Infections sexuellement transmissibles : une hausse troublante

Infection sexuellement transmissible : une hausse troublante

Les cas d’infections sexuellement transmissibles (IST) sont en hausse en Europe, selon un rapport publié par le Centre Européen de Prévention et de contrôle des maladies (ECDC). Cette Agence créée en 2005 et basée à Stockholm a récemment publié des chiffres détaillés au niveau européen sur l’année 2022. Ces rapports sont une partie de sa mission de surveillance annuelle des infections, avec la publication d’environ 65 rapports disponibles sur son site.

 

Comment sont classées les IST ?

Selon le site de l’Assurance Maladie, les IST, autrefois plus souvent désignées par le sigle MST (maladies sexuellement transmissibles) sont “des infections pouvant être transmises lors des relations sexuelles” et “il en existe plus d’une trentaine”.
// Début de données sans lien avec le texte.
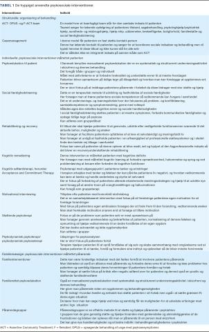 Der er evidens for god effekt af flere psykosociale interventioner, som er udviklet til behandlingen af skizofreni og andre psykoser (Tabel 1). Der er opnået gode resultater med at varetage koordineringen af patienternes behandlingstilbud og sociale aktiviteter inden for et assertive community treatment (ACT)-team. Teamet består af 5-15 fagpersoner, som er ansvarlige for behandling af hver 10-15 patienter. Det er teamets opgave at have løbende kontakt til patienterne og sørge for psykiatrisk behandling, social indsats, sundheds‐ og misbrugshjælp samt varetagelse af de psykosociale interventioner. De vigtigste elementer ved ACT-tilgangen er, at personalet indgår i et tværfagligt samarbejde, så man kan tilbyde den enkelte patient den relevante behandling. Teamet påtager sig også et større ansvar end vanligt i ambulant behandling for at opretholde kontakt, f.eks. gennem gentagne henvendelser, inddragelse af familien og tilbud om hjemmebesøg. I metaanalyser er det påvist, at ACT-tilgangen reducerer antallet af tilbagefald, fastholder patienter med skizofreni i behandlingsforløb, øger deres funktionsniveau, aflaster de pårørende og giver større brugertilfredshed [12, 13].

Toujours selon cette source, les IST les plus fréquentes sont d’origine infectieuse diverses :

  • des maladies sexuellement transmissibles bactériennes. Les plus connues sont la syphilis, la gonorrhée, la chlamydiose et l’infection à mycoplasmes, qui, lorsqu’elles sont diagnostiquées, peuvent être guéries ;
  • des maladies virales : l’hépatite B, l’herpès génital, le VIH et le papillomavirus humain (VPH) responsable de plusieurs cancers selon l’OMS. Ces infections peuvent être difficiles ou impossibles à guérir, selon le type de virus.
  • des maladies sexuellement transmissibles parasitaires comme la trichomonase traitée par des médicaments antiparasitaires.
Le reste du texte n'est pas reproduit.